We Ran 5 HTDemucs Benchmarks So You Don’t Have To: Results and Data

There are a lot of questions about HTDemucs that come up regularly: which model variant is actually best, does the bitrate of your source file matter, how clean is the reconstruction when you sum the stems back. I ran a set of five structured tests on the MUSDB18-7s benchmark dataset to get actual numbers rather than subjective impressions. All tests ran locally on Apple M4.

The full data tables are on the research hub. This post summarises the key findings.

Which HTDemucs model is best

Short answer: HTDemucs (base) achieved the highest mean SDR at 8.38 dB across all four stems on the test set. It averaged 1.8 seconds per 7-second track on M4.

The speed range across models was notable: HTDemucs 6S (6-stem) processed tracks in 1.6s on average, while HTDemucs FT (fine-tuned) took 6.4s. For most producers the quality difference justifies the time cost, but batch processing scenarios change that calculation.

Full model comparison: /research/model-comparison/

Does input format actually matter

Yes, measurably. MP3 128kbps input produces stems with a mean SDR of 7.8 dB, compared to 8.04 dB for 24-bit WAV. That’s a 0.24 dB difference.
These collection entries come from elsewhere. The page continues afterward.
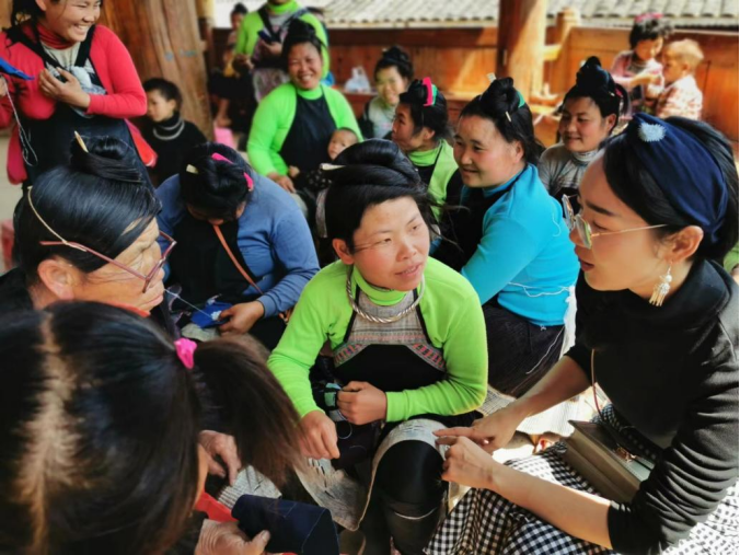 设计好激励机制,挺过没有产出的培训阶段,绣娘们接到订单后就开始了良性循环。就这样,越来越多的农村妇女慕名而来,加入到“非遗+扶贫”的事业当中,政府也给公司提供了各项优惠政策,共同推动贵州民族非遗的传承与发展。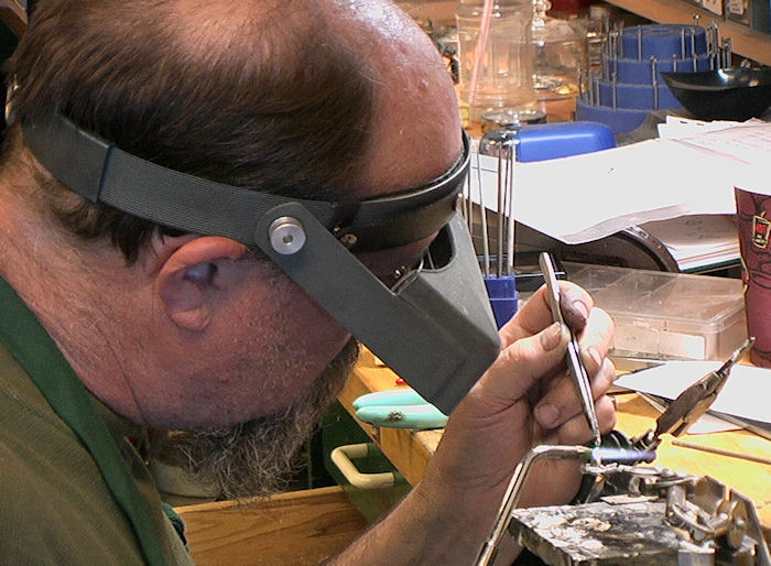 Der Goldschmied von Whitehorse befestigt ein hier in der Gegend gefundenes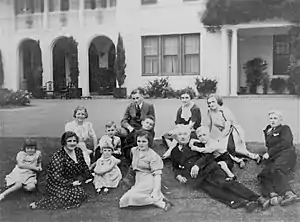 Lyons first fell pregnant a few months after her marriage, but miscarried just after her 18th birthday.[68] She suffered a second miscarriage the following year, and in her memoirs recounted having to watch on as a nurse threw the remains of the foetus into a bedside fireplace. She was told by doctors that she would never be able to have children,[69] but in fact went on to give birth to twelve – the first born when she was 19 and the last born when she was 36. Her subsequent pregnancies went relatively smoothly, with the exception of a third miscarriage in 1926; she had to carry the dead foetus for three months before it could be removed.[70] All but one of her children survived to adulthood, and all those who did out-lived her. Her son Garnet, born in 1924, died from meningitis at the age of 10 months.[71] Another son, Barry, was born with achondroplasia.[72]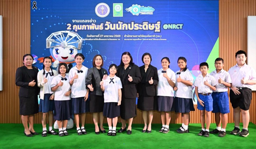 เมื่อวันที่ 27 มกราคม 2569 สำนักงานการวิจัยแห่งชาติ (วช.) กระทรวงการอุดมศึกษา วิทยาศาสตร์ วิจัยและนวัตกรรม จัดงานแถลงข่าว “2 กุมภาพันธ์ วันนักประดิษฐ์ @NRCT” โดย ดร.วิภารัตน์ ดีอ่อง ผู้อำนวยการสำนักงานการวิจัยแห่งชาติ เป็นประธาน พร้อมด้วย คณะนักประดิษฐ์ผู้ได้รับรางวัลการประกวดสิ่งประดิษฐ์และนวัตกรรมระดับเยาวชน ทั้งในระดับประถมศึกษาตอนปลาย, ระดับมัธยมศึกษา, ระดับอาชีวศึกษา, ระดับอุดมศึกษา และมหกรรมการประกวดสิ่งประดิษฐ์และนวัตกรรมนานาชาติ ผู้บริหารหน่วยงาน คณะผู้บริหาร วช. เข้าร่วมในพิธี ณ ศูนย์ส่งเสริมการวิจัยเพื่อมรดกทางวัฒนธรรม

The vocal stem shows the most degradation, which makes sense given how MP3 compression handles mid-frequency content.

For most production use, MP3 320kbps is close enough to lossless that the quality difference is small. Below 192kbps the degradation becomes more consistent.

Full format comparison: /research/format-quality/

How much information does separation actually lose

In 4-stem mode, summing the separated stems back produces a reconstruction that correlates with the original at r = 0.996. The difference signal sits at -21.6 dB below the original, meaning there’s real but limited information loss in the separation process.
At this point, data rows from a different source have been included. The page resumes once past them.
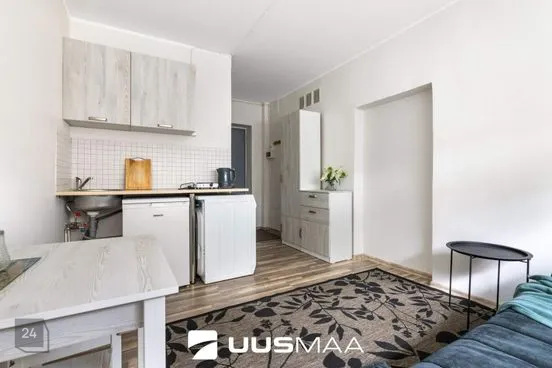 Квартира находится на отремонтированном этаже, очень тёплая, с практичной планировкой и низкими коммунальными платежами. На кухне открытого типа есть небольшой холодильник и стиральная машина.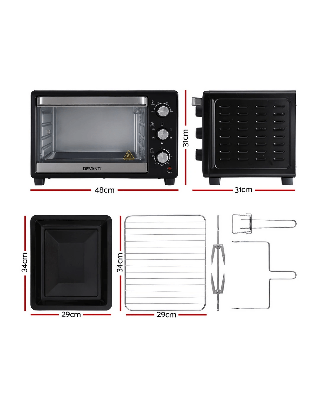 Sold by Aisle SixDevanti 30L Convection Oven Electric Fryer Ovens 1600W - Black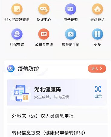 2、点击首页“健康码”或搜索“湖北健康码”;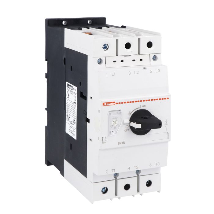 Автоматический выключатель защиты двигателя SM3R 75А, 3 полюса, откл. способность 50кА, диапазон уставки 55-75А. Управление - поворотная рукоятка. Производитель - Lovato Electric. Серия - SM3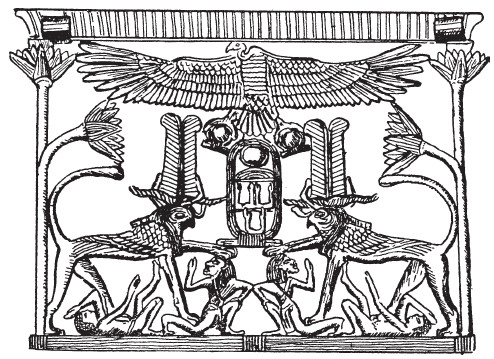 Рис. 79. Пектораль в виде святилища с лотосовидными колоннами.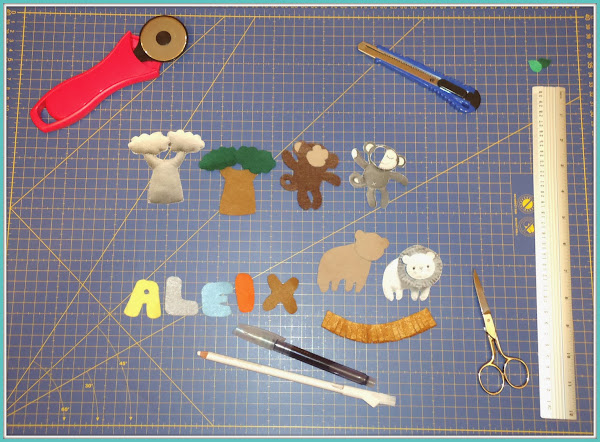 6. Recortar todas las figuras que querremos coser en la corona. Seguiremos la misma técnica, calcar el patrón sobre el fieltro y repasar con el bolígrafo al agua o con el lápiz blanco, para tejidos oscuros. Los ojos, nariz, etc se pueden hacer cosiendo con un hilo más grueso (como el de bordar) o con pintura para tela.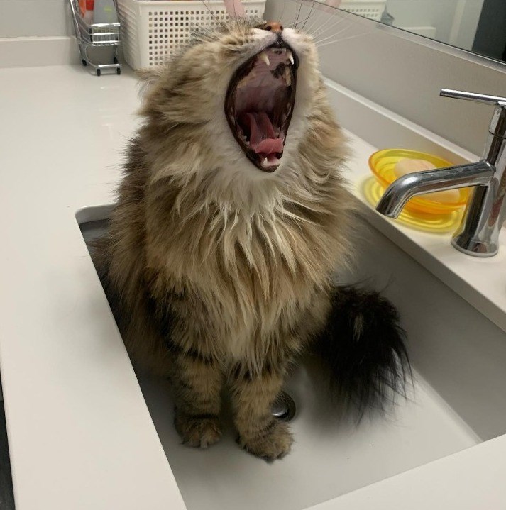 Taking the term 'basin bassinet' to a whole new level, this feline virtuoso lets out a mighty yawn mid-siesta in the sink. It's a daring act of defiance against traditional napping norms and the ultimate 'purrformance' in bathroom acoustics
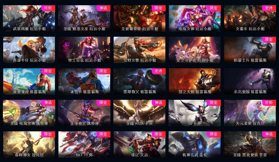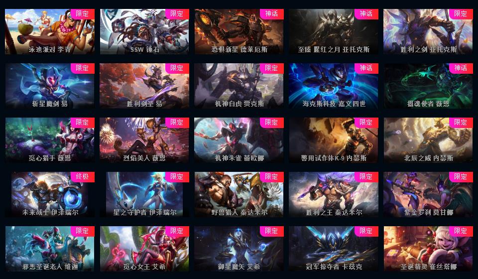 1000皮/满英雄/白银段可排位/龙瞎+龙琴+龙刀+龙猴/摄魂薇恩/至臻琪亚娜/至臻瑞文/3终极皮/泳池派对全套/100+限定/60传说/每个英雄都有一款以上好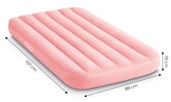 Materac welurowy INTEX o wymiarach 157x88x18 cm jest idealny do wypoczynku 1 osoby. Jego wielkość i kolorystyka sprawiają, że to idealny model dla dziecka. Wykonany z wytrzymałego tworzywa PVC został pokryty przyjemnym w dotyku, wodoszczelnym materiałem welurowym. Różowa kolorystyka z całą pewnością przypadnie do gustu dziewczynkom i stanie się ich ulubionym miejscem do odpoczynku.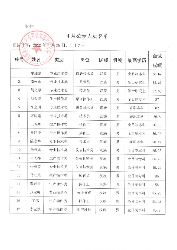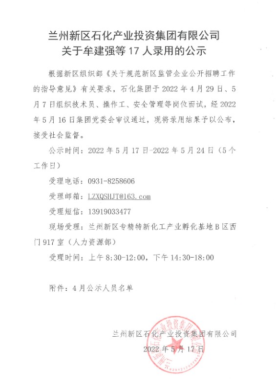 蘭州新區(qū)石化產(chǎn)業(yè)投資集團(tuán)有限公司關(guān)于牟建強(qiáng)等17人錄用的公示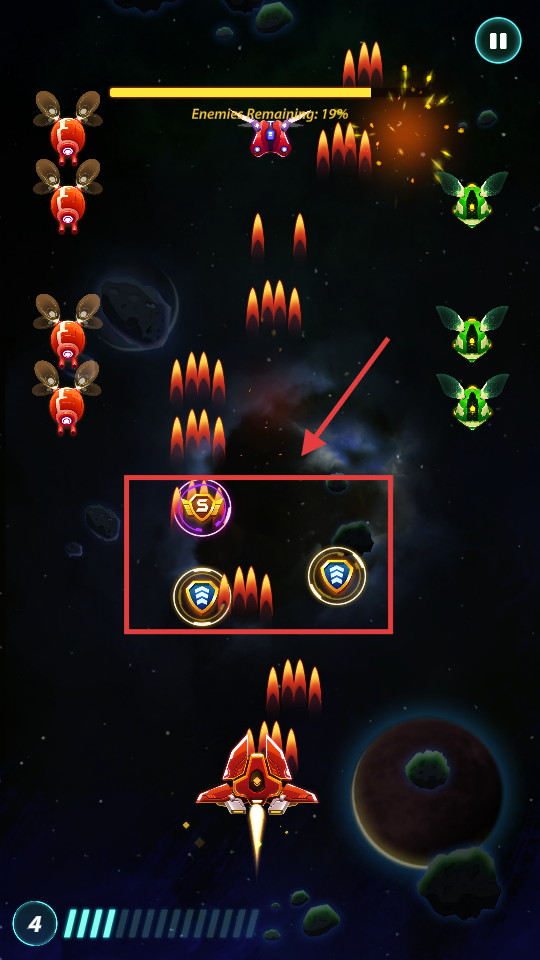 3、战斗中躲避弹幕,操控战机获取护盾和【S】道具,强化战力消灭更多敌机。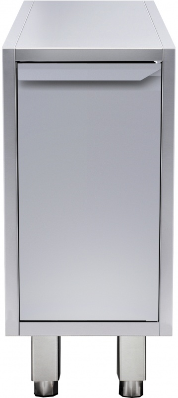 Constructed entirely in 304 AISI stainless steel. Front and rear longitudinal stainless steel c-channel reinforcement. Internal and external side panels with sound deadening reinforcements to strengthen structure. Door incorporates a sound deadening internal panel and is fitted with 304 AISI stainless steel hinges allowing an opening of 180° degrees. 150mm height-adjustable (0/+90mm) oversized feet (65x65mm) can be removed for masonry installation. 45° degree internal side corner junction system. 304 AISI middle shelf, with inner double fold to eliminate gaps between sides and back, height-adjustable in 3 positions with a stainless steel support to avoid twisting.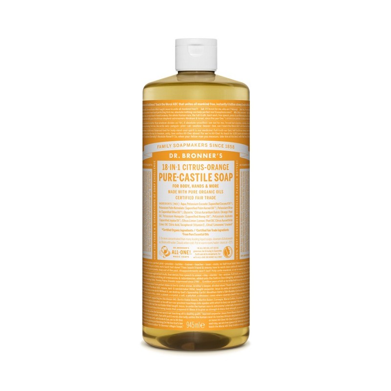 Sapun lichid de Castilia Dr Bronner cu aroma de citrice: unica, revigoranta, proaspata. Mirosul de ulei organic de citrice inconfundabil! Dr Bronner a combinat ulei organic de portocala, lamaie si lime intr-o experienta unica.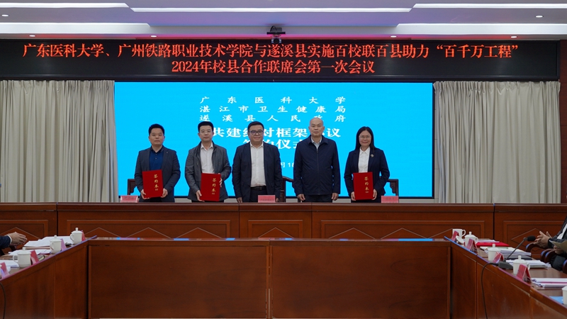 湛江市卫健局党组成员、副局长甘少平,遂溪县领导刘剑、沈东宇、喻锦扬、庞宇、朱帝池、蒲火元,县委办、县府办等单位主要领导以及县“百千万工程”指挥部办公室负责同志,广州铁路职业技术学院党委书记张竹筠,校领导卢景辉、曾志嵘,党委常委、组织统战部部长谭平及相关职能部门、学院、附属医院负责人参加会议。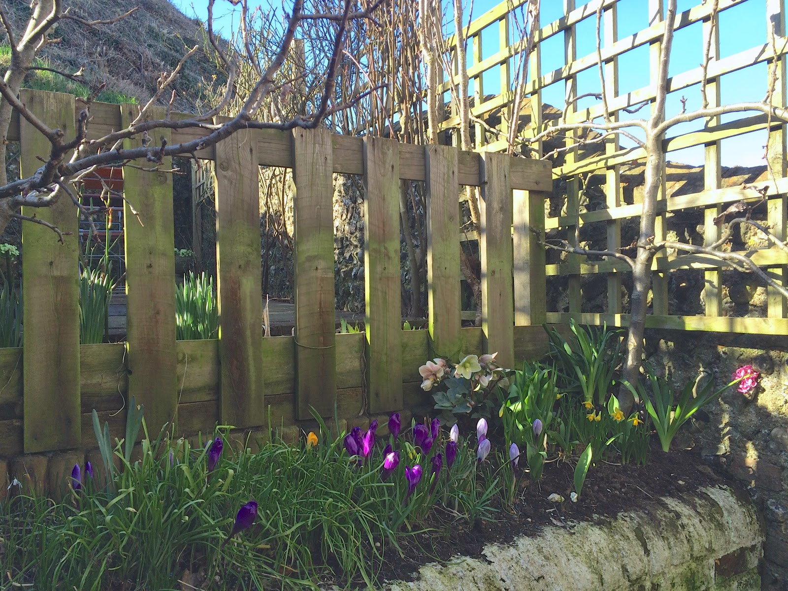 After a sunny and relatively mild weekend here in South East England, I can look out at my small Lewes garden and enjoy the results of some intense gardening – doing the work I should’ve done in February but completed, I think, in the nick of time if I’m to get another dramatic display of roses in the summer.

6-stem separation shows higher reconstruction error, which is expected: dividing the signal into more components means more rounding and leakage at each split.

Full reconstruction data: /research/reconstruction-fidelity/

What predicts separation quality

The strongest correlate of vocal SDR across the test tracks was Chroma variance (harmonic complexity) (Pearson r = 0.522). In plain terms: tracks where the harmonic content is clearly separated from percussive content in the frequency domain tend to separate more cleanly. Dense arrangements with a lot of frequency overlap between instruments are harder for the model to disentangle.

Full analysis: /research/complexity-prediction/

All results

All five tests, methodology notes, and full data tables are on the research hub. Tests ran on March 14, 2026 using MUSDB18-7s (the 7-second sample of the standard MUSDB18 benchmark dataset) on Apple M4 with MPS acceleration. I’ll re-run and update these when HTDemucs releases a major model update.